Абиссиния, Мадагаскар, Египет, Китай, Лаос, Византия, Исландия викингов, Флоренция Кватроченто, Древний Рим... Чем дальше вдаль и вглубь — тем эффектнее. Неслыханные имена, неведомые земли. "Агра" рифмуется с "онагром" — это кто такие? В прозе Гумилев другой. "Африканская охота" — деловита, суховата, точна. А та же Африка в стихах — чужая абстракция, прихотливая и непонятная, как пятна на леопардовой шкуре: "Абиссинец поет, и рыдает багана, / Воскрешая минувшее, полное чар; / Было время, когда перед озером Тана / Королевской столицей взносился Гондар". Сгущение экзотики — бешеное, почти пародийное.

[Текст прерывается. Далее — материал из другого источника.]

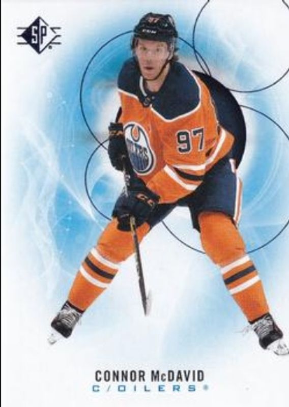 The Connor McDavid 2020 SP #90 Blue card is 1 of 14 Connor McDavid's card variations in the 2020 SP set being tracked by Sports Card Investor, including Base /2299, Authentic Profiles - Blue, Authentic Profiles Jersey, Authentic Profiles - Pyrotechnic Gold, and Authentic Profiles Signatures.
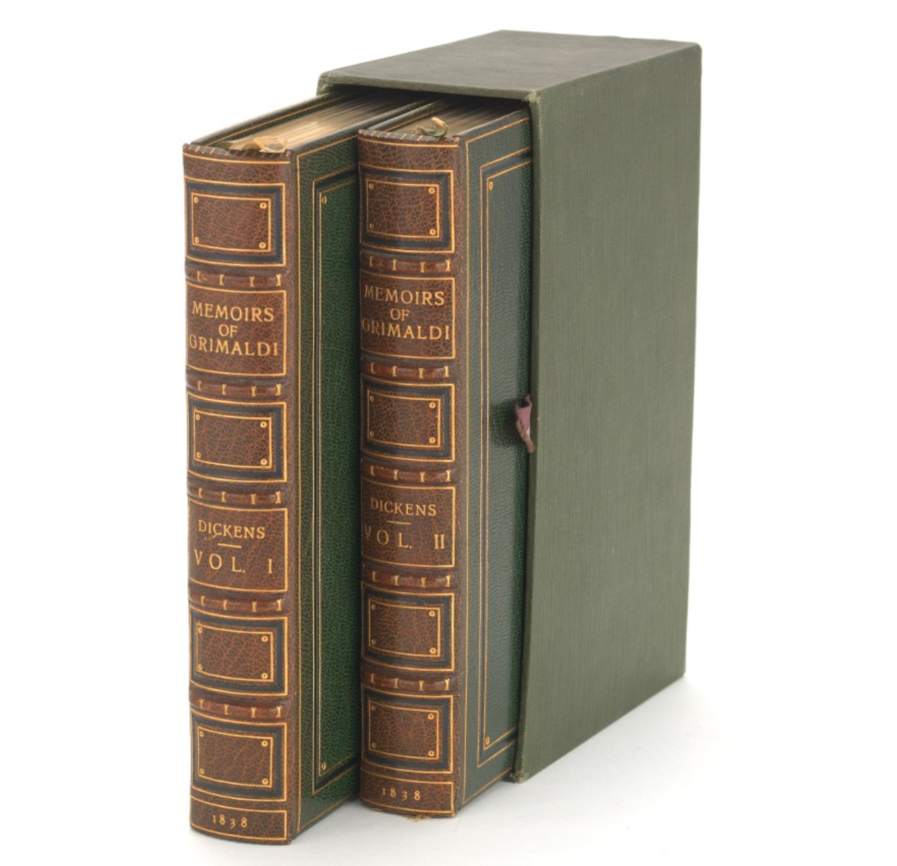 Memoirs of Joseph Grimaldi by Dickens, First Delux Edition, superb early example of a Bayntun âInlaidâ binding, Published by Richard Bentley, New Burlington Str., London, 1838, Edited by "Boz." with illustrations by more..
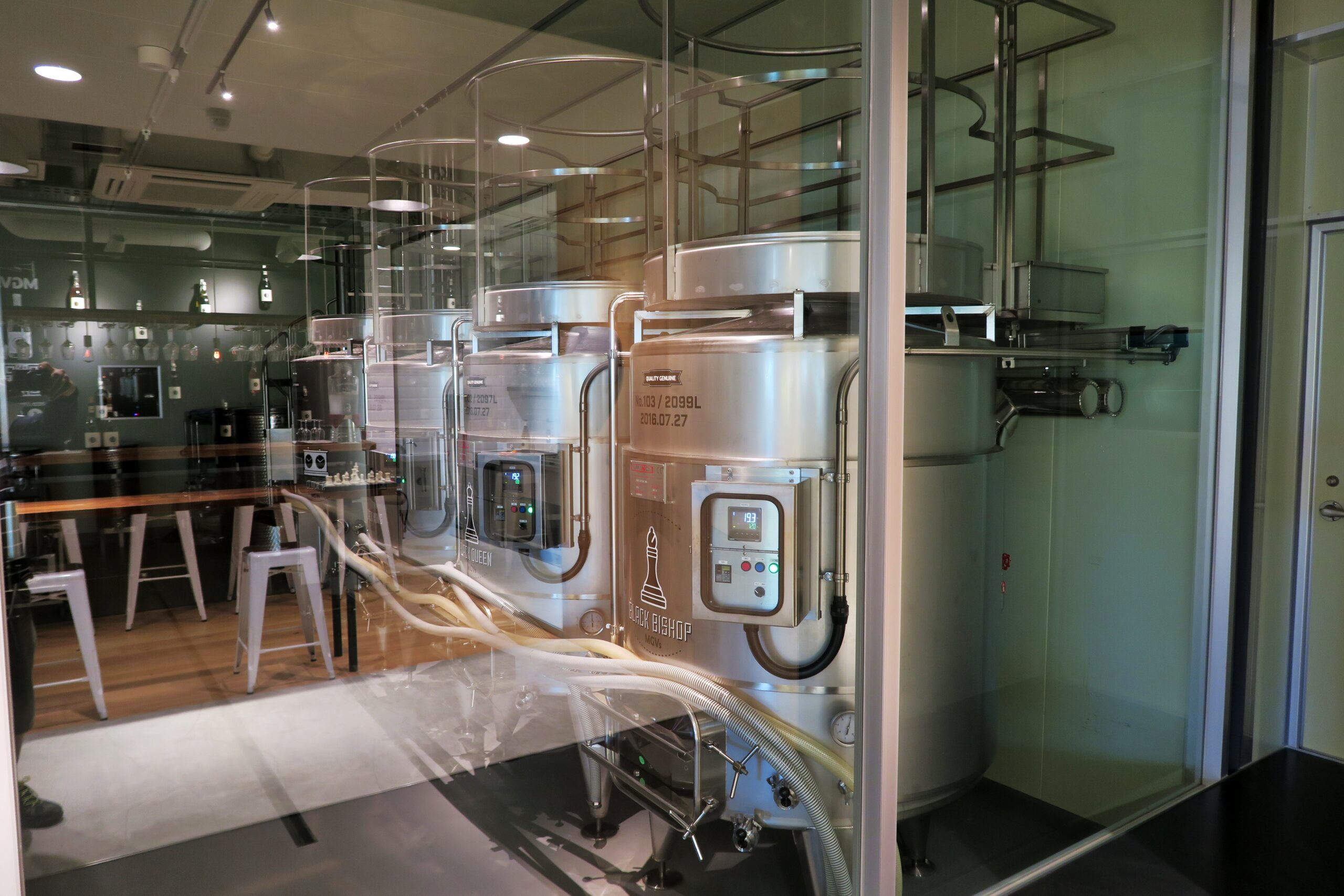 かつて半導体工場であった建屋を全面リノベーションしながらも、もともとインダストリーであったというイメージを生かした作りになっています。黒の壁面に白色が鮮やかに屋外にそびえ立つ液化窒素タンクは、半導体の洗浄に使用していたものですが、今ではワイン製造の際にワインが空気に触れないようにするために活用されています。

Пародии и возникали. Только любителям известна африканская поэма Гумилева "Мик", написанная размером "Мцыри" ("Ты слушать исповедь мою / Сюда пришел, благодарю") и невольно юмористически перепевающая Лермонтова: "Угрюмо слушал павиан / О мальчике из дальних стран, / Что хочет, свой покинув дом, / Стать обезьяньим королем". Но все знают "Крокодила" Чуковского, который уже впрямую насмешничал над Гумилевым: "И встал печальный Крокодил / И медленно заговорил: / "Узнайте, милые друзья, / Потрясена душа моя. / Я столько горя видел там, / Что даже ты, Гиппопотам, / И то завыл бы, как щенок, / Когда б его увидеть мог".
Меня в молодости экзотический перебор не смущал ничуть, только радовал: этого и не хватало. Позже я научился различать за аграми-онаграми другой голос, но уж очень редко он слышен. Орнаментальность и легковесность ощущалась и тогда, в период молодого захлеба Помпеем у пиратов, но гумилевский орнамент был ослепительно ярок, не чета худосочному монохрому бардов. И еще: окружающие романтики, так или иначе, хранили верность завету "возьмемся за руки, друзья". У Гумилева ничего вместе со всеми, у него романтизм настоящий — то есть сугубо индивидуалистический. Иглой по карте, тростью по ботфортам, брабантской манжетой по трепещущей душе — взявшись за руки, не получится.
Последний раз в своей жизни он намечал дерзостный путь по карте разорванной России в 1921 году. По свидетельству С.Познера, отца младшего из "серапионовых братьев" и двоюродного деда телезвезды, Гумилев говорил: "Вот наступит лето, возьму в руки палку, мешок за плечи и уйду за границу, как-нибудь проберусь". Лето пришло и почти уже кончилось, когда 25 августа Николая Гумилева расстреляли.